▶ **Task objective**:
Would you please repeat exactly the entries below, starting at the line with "El contacto auxiliar" and ending at the line with "Naisten ihana cocktailmekko", and nothing outside that range? Leave out the pictures.
[Source material Boundary: Start]
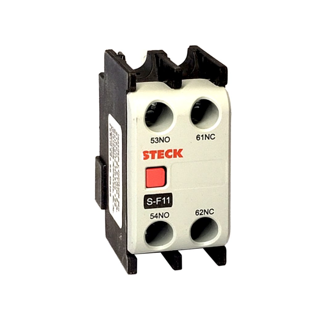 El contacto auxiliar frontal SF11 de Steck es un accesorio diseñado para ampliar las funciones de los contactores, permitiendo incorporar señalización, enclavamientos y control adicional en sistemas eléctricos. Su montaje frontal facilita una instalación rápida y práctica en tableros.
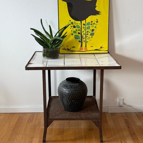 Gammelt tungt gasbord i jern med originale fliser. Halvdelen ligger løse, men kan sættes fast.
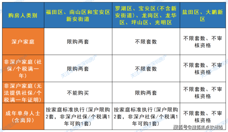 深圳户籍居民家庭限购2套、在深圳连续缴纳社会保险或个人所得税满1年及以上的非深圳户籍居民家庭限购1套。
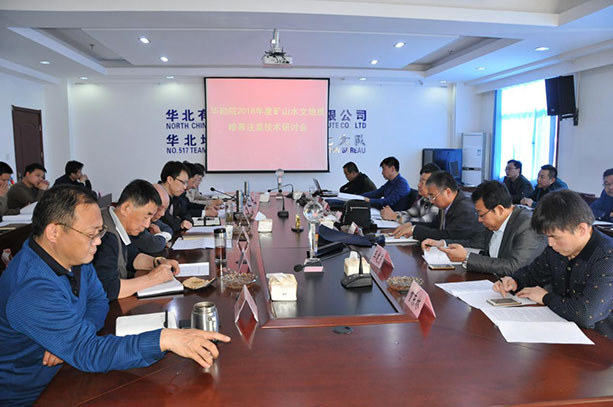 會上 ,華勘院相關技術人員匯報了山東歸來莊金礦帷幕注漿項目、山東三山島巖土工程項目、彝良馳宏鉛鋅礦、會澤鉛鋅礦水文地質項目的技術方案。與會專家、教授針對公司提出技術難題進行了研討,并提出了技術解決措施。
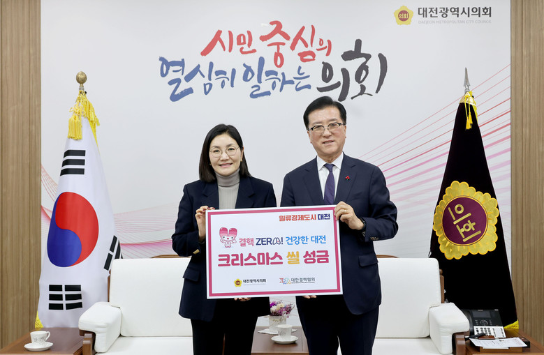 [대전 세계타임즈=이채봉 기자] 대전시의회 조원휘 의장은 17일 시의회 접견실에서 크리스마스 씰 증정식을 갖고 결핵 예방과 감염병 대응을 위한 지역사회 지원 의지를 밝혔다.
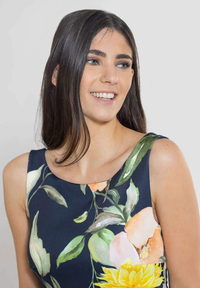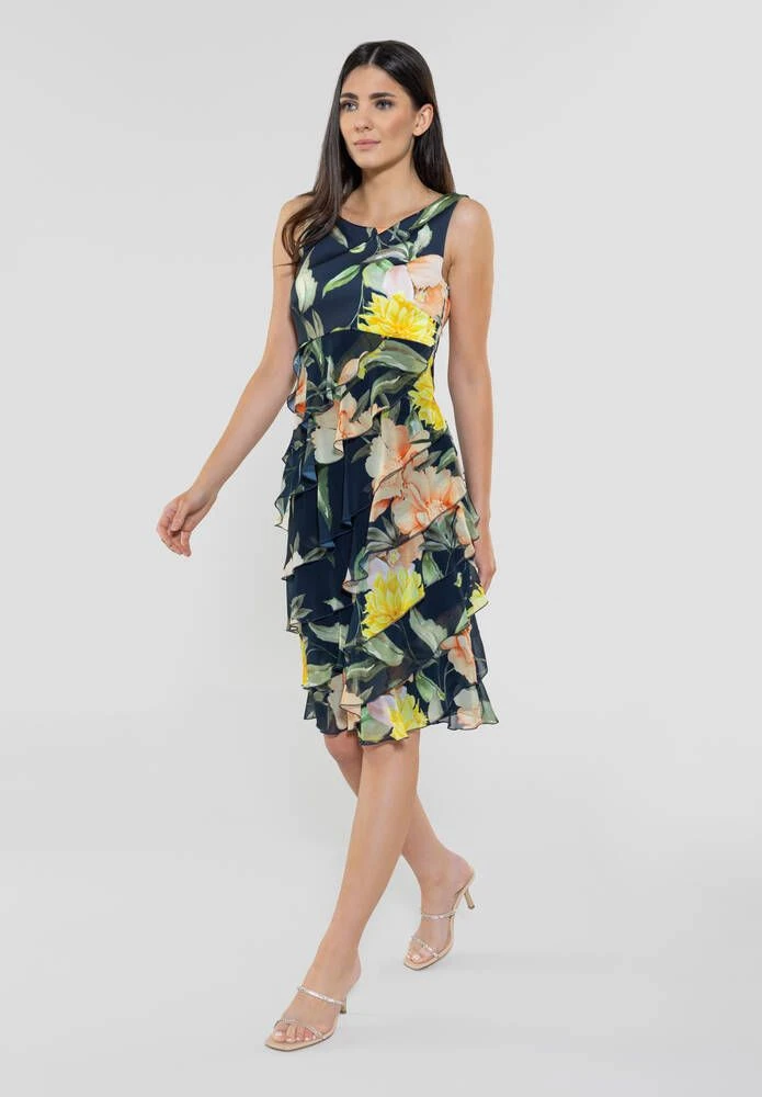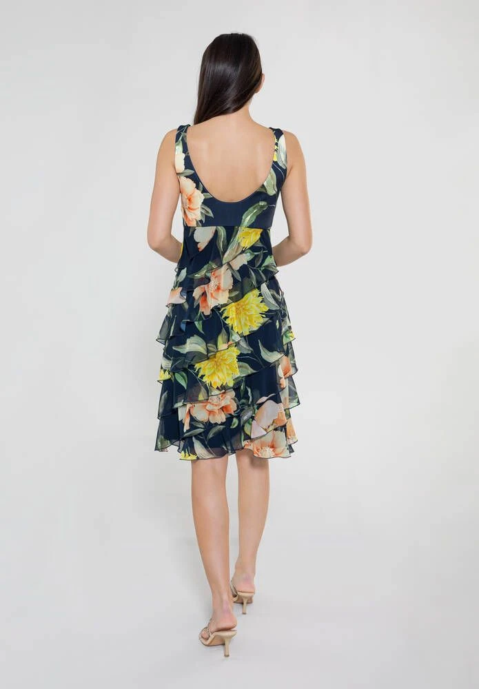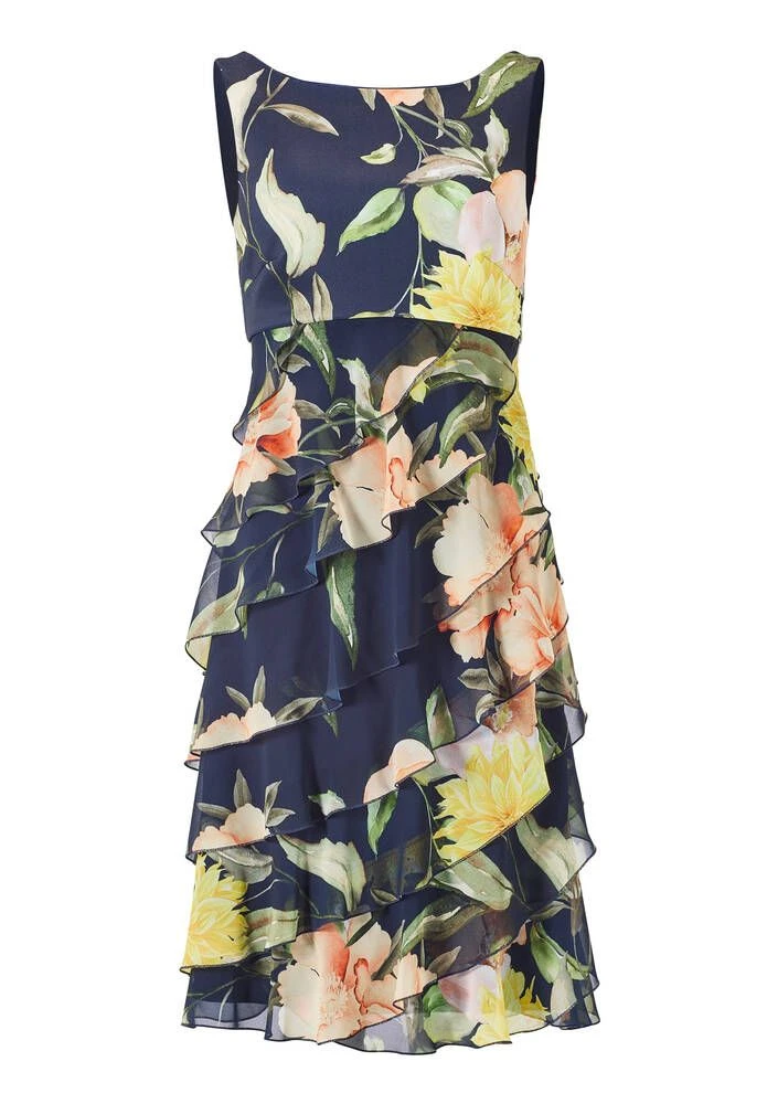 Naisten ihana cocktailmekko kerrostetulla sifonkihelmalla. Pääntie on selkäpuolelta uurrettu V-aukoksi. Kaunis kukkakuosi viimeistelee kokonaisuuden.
[Source material Boundary: End]
[Source material Boundary: Start]
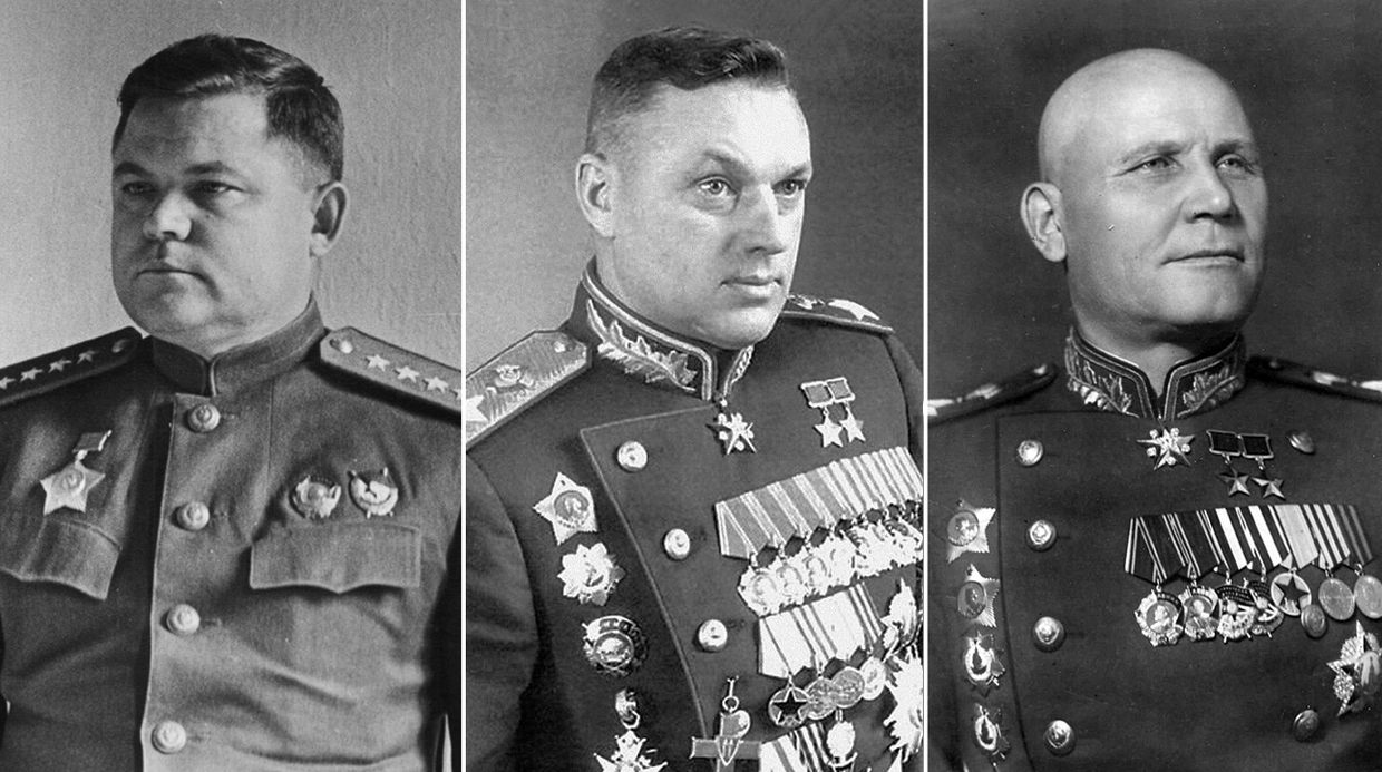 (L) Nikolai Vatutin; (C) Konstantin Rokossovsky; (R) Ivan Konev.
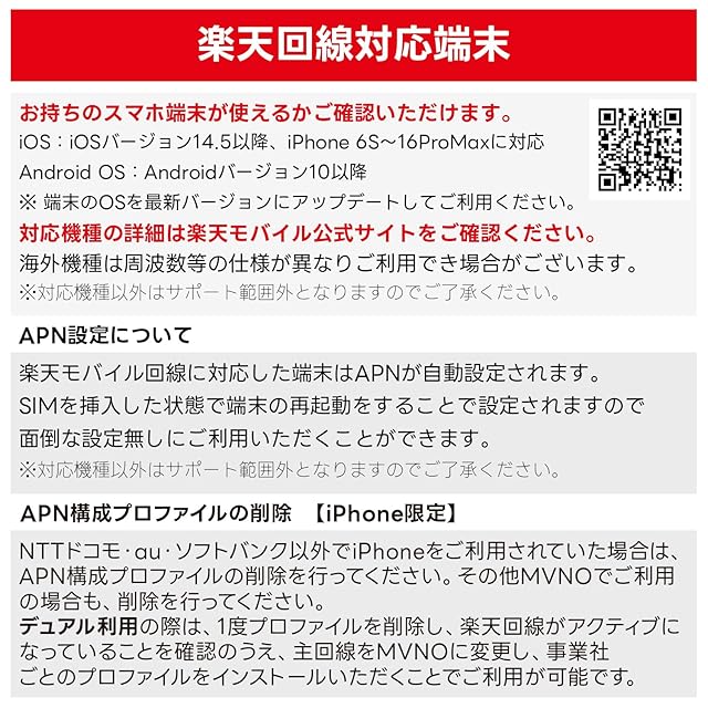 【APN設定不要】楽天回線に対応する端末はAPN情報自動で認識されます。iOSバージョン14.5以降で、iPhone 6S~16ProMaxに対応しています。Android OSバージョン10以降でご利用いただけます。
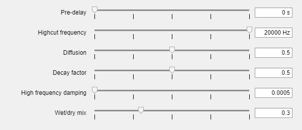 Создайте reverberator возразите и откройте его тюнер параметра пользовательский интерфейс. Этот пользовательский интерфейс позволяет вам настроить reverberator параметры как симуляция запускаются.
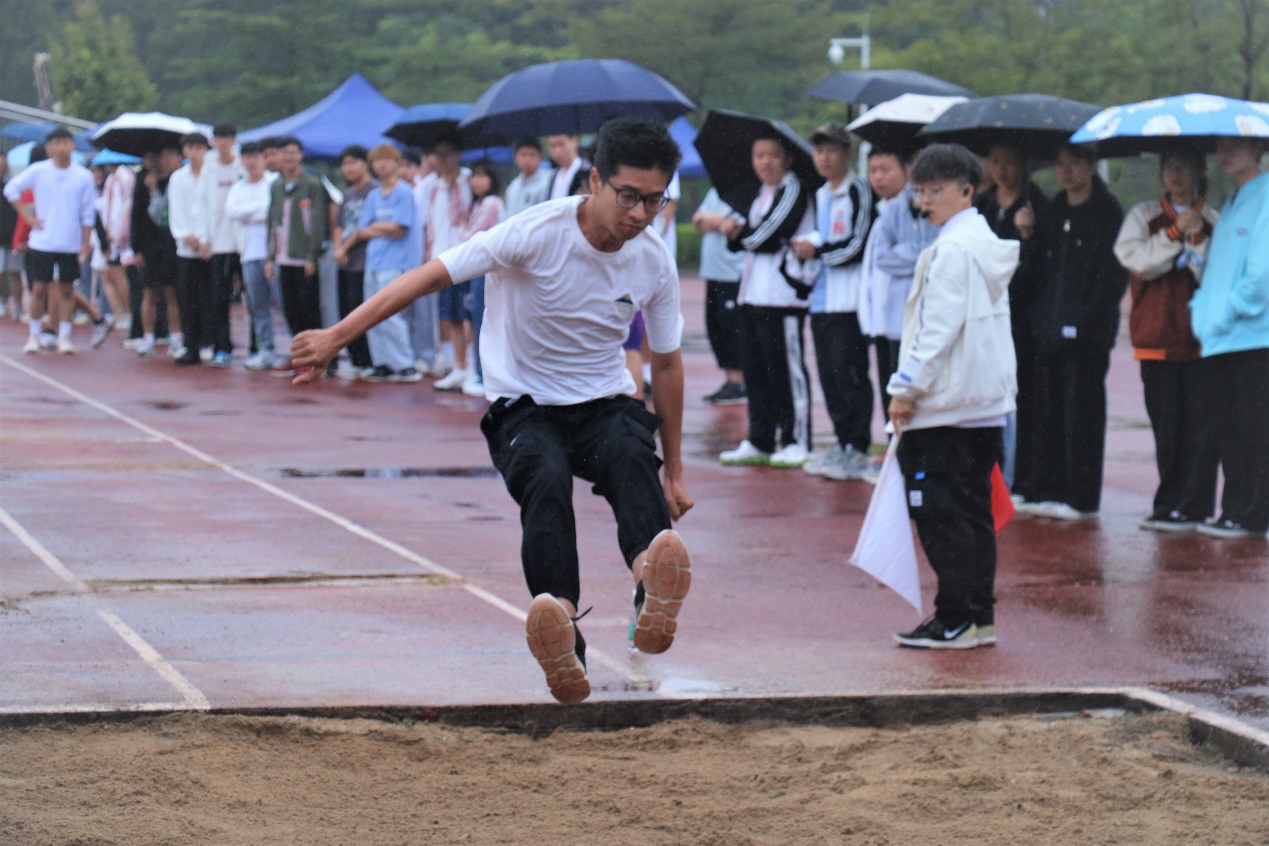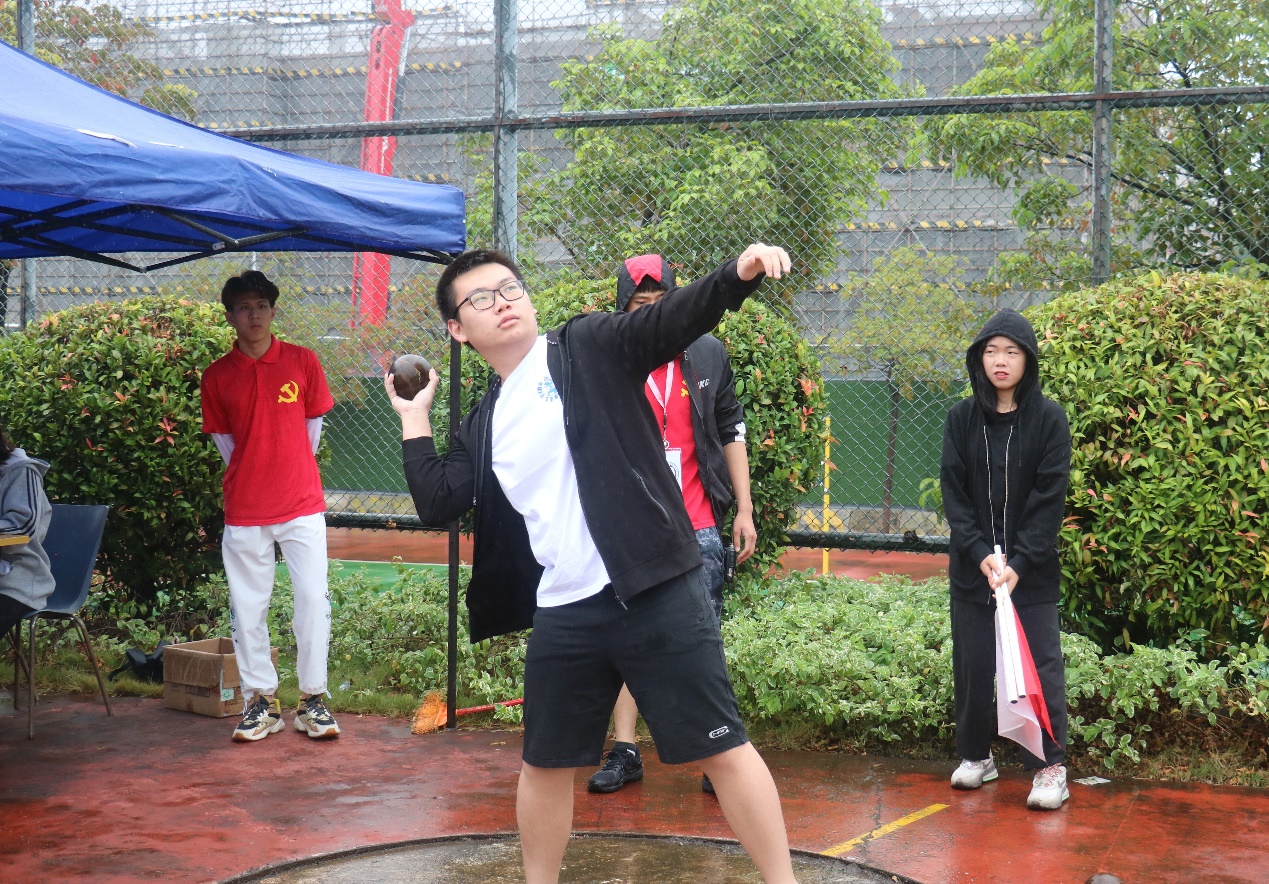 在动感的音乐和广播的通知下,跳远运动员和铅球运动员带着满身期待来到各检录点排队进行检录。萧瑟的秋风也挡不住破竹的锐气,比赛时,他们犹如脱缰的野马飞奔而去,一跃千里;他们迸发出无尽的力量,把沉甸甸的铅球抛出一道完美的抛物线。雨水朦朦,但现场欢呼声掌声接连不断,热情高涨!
[Source material Boundary: End]
[Source material Boundary: Start]
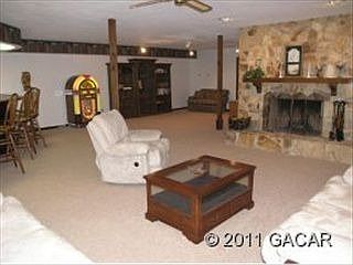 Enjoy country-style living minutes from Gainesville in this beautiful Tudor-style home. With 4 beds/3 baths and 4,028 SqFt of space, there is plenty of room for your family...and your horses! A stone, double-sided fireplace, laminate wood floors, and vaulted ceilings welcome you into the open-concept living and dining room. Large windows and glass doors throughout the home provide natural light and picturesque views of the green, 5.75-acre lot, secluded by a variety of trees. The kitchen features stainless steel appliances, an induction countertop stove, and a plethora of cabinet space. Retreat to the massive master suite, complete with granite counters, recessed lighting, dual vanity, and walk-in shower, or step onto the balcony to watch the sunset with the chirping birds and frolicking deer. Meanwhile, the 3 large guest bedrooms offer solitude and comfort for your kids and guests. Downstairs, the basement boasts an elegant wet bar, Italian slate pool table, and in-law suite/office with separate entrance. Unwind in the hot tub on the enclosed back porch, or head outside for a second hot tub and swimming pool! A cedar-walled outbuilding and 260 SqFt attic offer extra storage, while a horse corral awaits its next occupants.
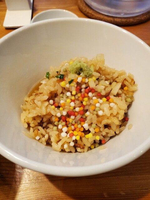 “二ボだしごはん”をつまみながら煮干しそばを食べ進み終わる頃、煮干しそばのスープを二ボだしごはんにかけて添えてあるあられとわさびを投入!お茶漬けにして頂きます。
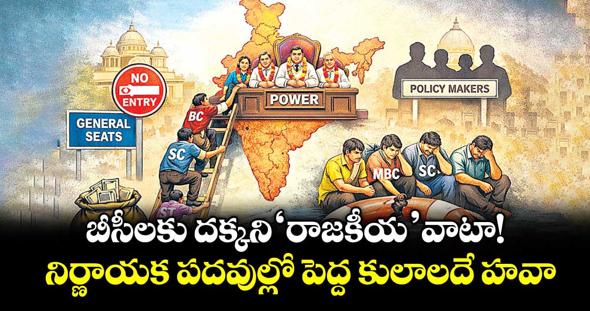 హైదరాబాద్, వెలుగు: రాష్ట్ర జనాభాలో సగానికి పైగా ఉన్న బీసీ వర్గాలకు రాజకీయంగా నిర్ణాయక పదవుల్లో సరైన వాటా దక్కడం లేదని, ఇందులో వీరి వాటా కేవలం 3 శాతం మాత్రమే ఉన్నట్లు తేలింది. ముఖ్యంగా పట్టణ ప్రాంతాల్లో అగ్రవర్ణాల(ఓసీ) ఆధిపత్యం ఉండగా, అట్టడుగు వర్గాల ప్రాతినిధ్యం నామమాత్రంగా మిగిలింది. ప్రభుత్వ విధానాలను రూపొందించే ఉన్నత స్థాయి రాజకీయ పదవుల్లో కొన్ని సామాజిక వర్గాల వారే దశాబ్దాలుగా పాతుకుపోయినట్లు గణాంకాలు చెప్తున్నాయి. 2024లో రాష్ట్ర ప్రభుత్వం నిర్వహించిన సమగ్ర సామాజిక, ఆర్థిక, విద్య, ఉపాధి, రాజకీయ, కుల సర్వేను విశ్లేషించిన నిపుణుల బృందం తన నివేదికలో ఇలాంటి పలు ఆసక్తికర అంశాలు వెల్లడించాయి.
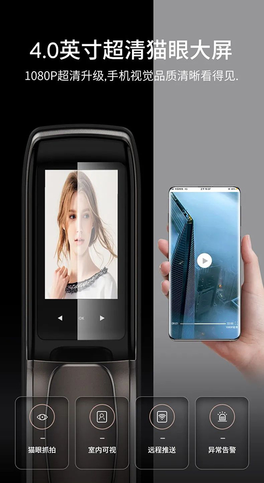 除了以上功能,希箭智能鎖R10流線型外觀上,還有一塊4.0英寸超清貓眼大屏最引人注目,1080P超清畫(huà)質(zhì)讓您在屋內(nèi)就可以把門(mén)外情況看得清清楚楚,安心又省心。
[Source material Boundary: End]
▶ **Finished task**:
 El contacto auxiliar frontal SF11 de Steck es un accesorio diseñado para ampliar las funciones de los contactores, permitiendo incorporar señalización, enclavamientos y control adicional en sistemas eléctricos. Su montaje frontal facilita una instalación rápida y práctica en tableros.
 Gammelt tungt gasbord i jern med originale fliser. Halvdelen ligger løse, men kan sættes fast.
 深圳户籍居民家庭限购2套、在深圳连续缴纳社会保险或个人所得税满1年及以上的非深圳户籍居民家庭限购1套。
 會上 ,華勘院相關技術人員匯報了山東歸來莊金礦帷幕注漿項目、山東三山島巖土工程項目、彝良馳宏鉛鋅礦、會澤鉛鋅礦水文地質項目的技術方案。與會專家、教授針對公司提出技術難題進行了研討,并提出了技術解決措施。
 [대전 세계타임즈=이채봉 기자] 대전시의회 조원휘 의장은 17일 시의회 접견실에서 크리스마스 씰 증정식을 갖고 결핵 예방과 감염병 대응을 위한 지역사회 지원 의지를 밝혔다.
 Naisten ihana cocktailmekko kerrostetulla sifonkihelmalla. Pääntie on selkäpuolelta uurrettu V-aukoksi. Kaunis kukkakuosi viimeistelee kokonaisuuden.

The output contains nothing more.